With Rainy Day Books celebrating its 35th anniversary today, bookseller Geoffrey Jennings, son of store founder and current owner, Vivien Jennings, insisted that the secret to store’s longevity is simply that they are doing what they’ve always done since his mother opened a 450-square-foot used paperback bookstore in Fairway, Kans. in 1975: sell books.

“We have no café, we have no toys,” Jennings declared, “We’re doing what we should be doing as purveyors of culture.” He conceded, however, that Rainy Day, which currently occupies a 3,000-square-foot retail space and sells only new books, also sells greeting cards, notecards, blank journals, a few regional magazines, and bags of chocolate almonds made by a local chocolatier, though the “only reason we sell the chocolate is to save people 10 minutes, so they don’t have to drive into Missouri” to purchase the product directly.

While it does not sell devices for reading e-books, Rainy Day has begun selling e-books on its website through the ABA’s IndieCommerce program. There are also plans in place to set up high-powered Macintosh computers inside the store for customers’ use in purchasing e-books. Thus far, only a “token amount” of e-books have been sold through the store’s site.

“Vivien [Jennings] is intuitively adaptive to what the market needs from a bookstore,” Jennings explained, of the store’s concession to current trends while remaining true to its mission. “Roger [Doeren, her life and business partner] knows how to execute that change.”

Rainy Day grossed $1.5 million in sales this past year.

Although Rainy Day maintains a website and a Facebook page with 1,600 friends, and Jennings himself regularly tweets store happenings and book news, he downplays the importance of social media in favor of good, old-fashioned human interaction. For Jennings and his 16 full-time and part-time colleagues, it’s all about cutting through the noise and distractions in an increasingly technology-obsessed society to continue handselling books in their community and, in doing so, build a loyal customer base. “What’s real, what’s authentic, is what’s happening in the store,” Jennings said, “You can sell a lot more books if you actually have the customer in the store, and are engaging with them, rather than e-mailing someone.”

One method that’s worked well for Rainy Day in effectively building up and maintaining a loyal customer base is hosting author events in collaboration with local businesses and organizations, with the price of admission being the purchase of a book. “Across the board, large or small, it doesn’t matter; people have to buy a book to attend,” Jennings explained, “After all, there’s the expectation on the part of authors and publishers that we sell books. Some authors [like David Sedaris] are insisting on it.”
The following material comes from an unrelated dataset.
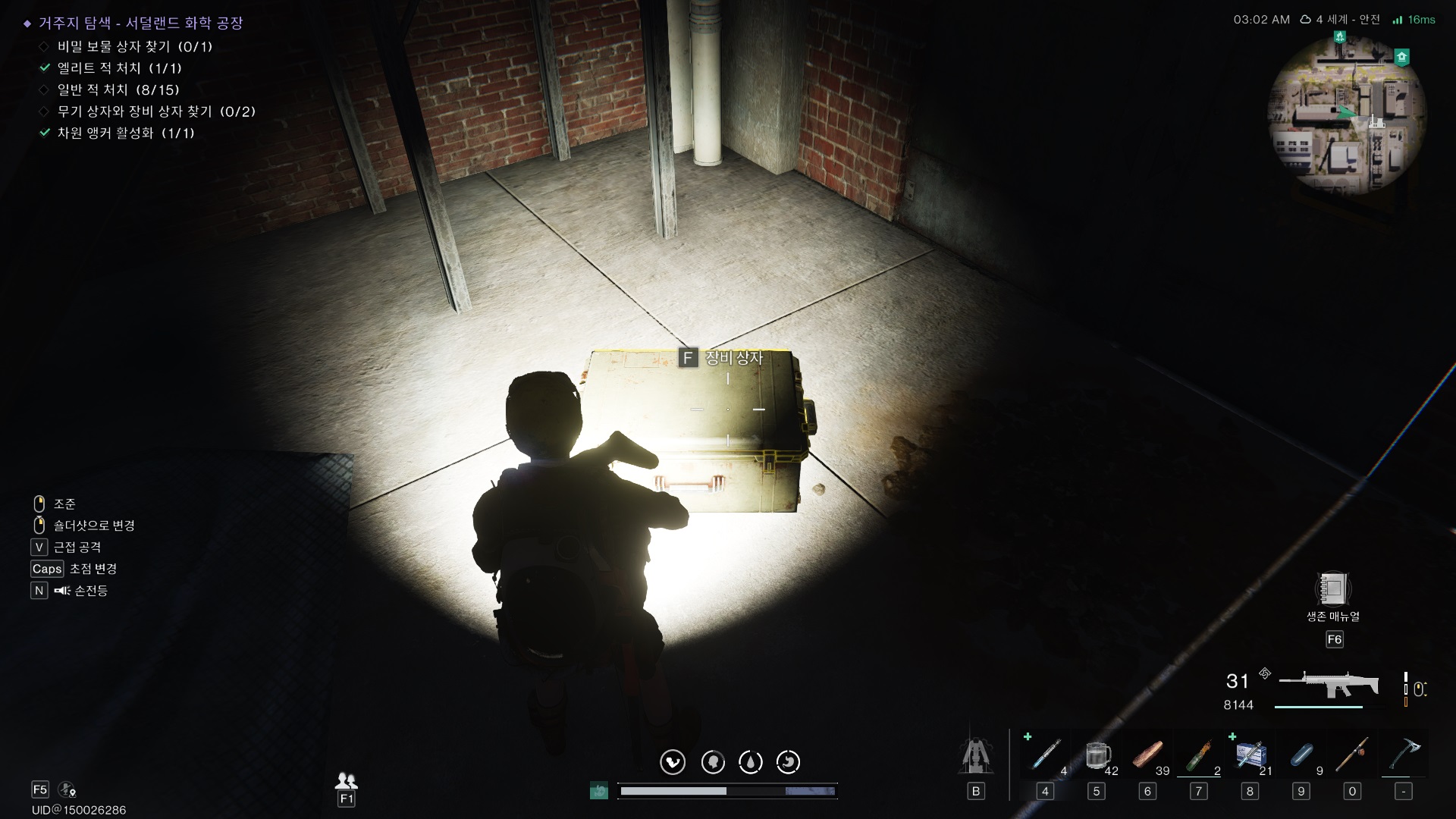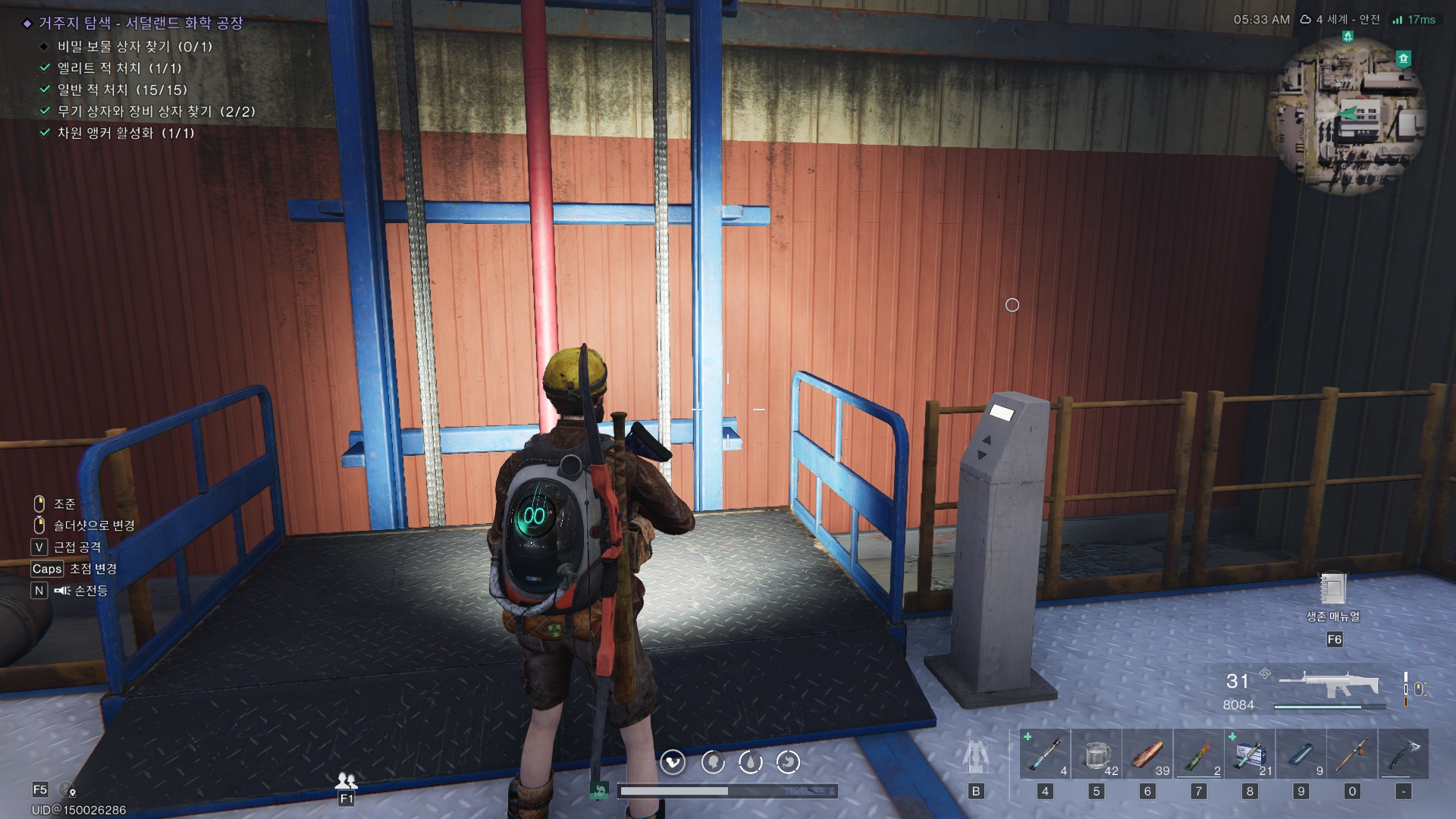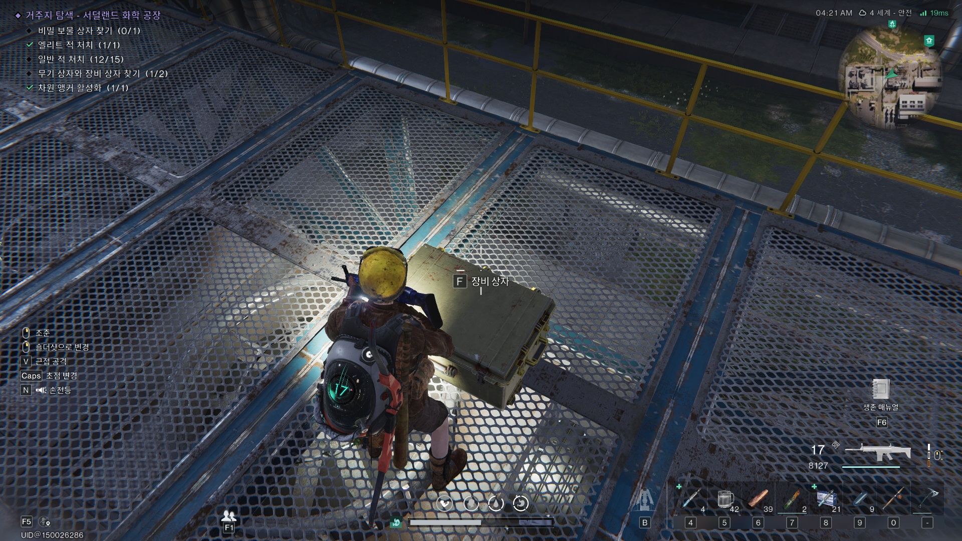 첫번째 장비 상자 먹으러 가는 공장 입구 서쪽편에 보면 올라가는 계단이 있고 그 위에 장비 상자가 있다. 우산 엘리트 몹이 지키고 있다.

The store hosts more than 250 public events each year, with audiences ranging from 20 to 2,000. In September, a “Celebration of the Book,” of back-to-back appearances over the course of four nights featuring Susan Casey, Terry McMillan, Jonathan Franzen, and Diana Gabaldon, attracted a total of 2,000 booklovers to the store’s regular offsite venue. A few weeks later, an appearance by Rick Riordan, promoting his latest middle-grade novel, The Lost Hero, drew 1,285. On October 25, in partnership with the Kansas City Public Library, Rainy Day hosted an appearance by the famously reclusive cartoonist Garry Trudeau, discussing his life and career on the eve of the release of 40: A Doonesbury Retrospective (Andrews McMeel). The event drew 700 attendees to the Kansas City Public Library.

Looking into the future, Jennings doesn’t anticipate that Rainy Day will change its emphasis on handselling books and promoting authors. “The value we will continue to offer is matching people and books, not just selling them something lying on the counter,” he insisted, “You can’t put a pricetag on that or electronify that.”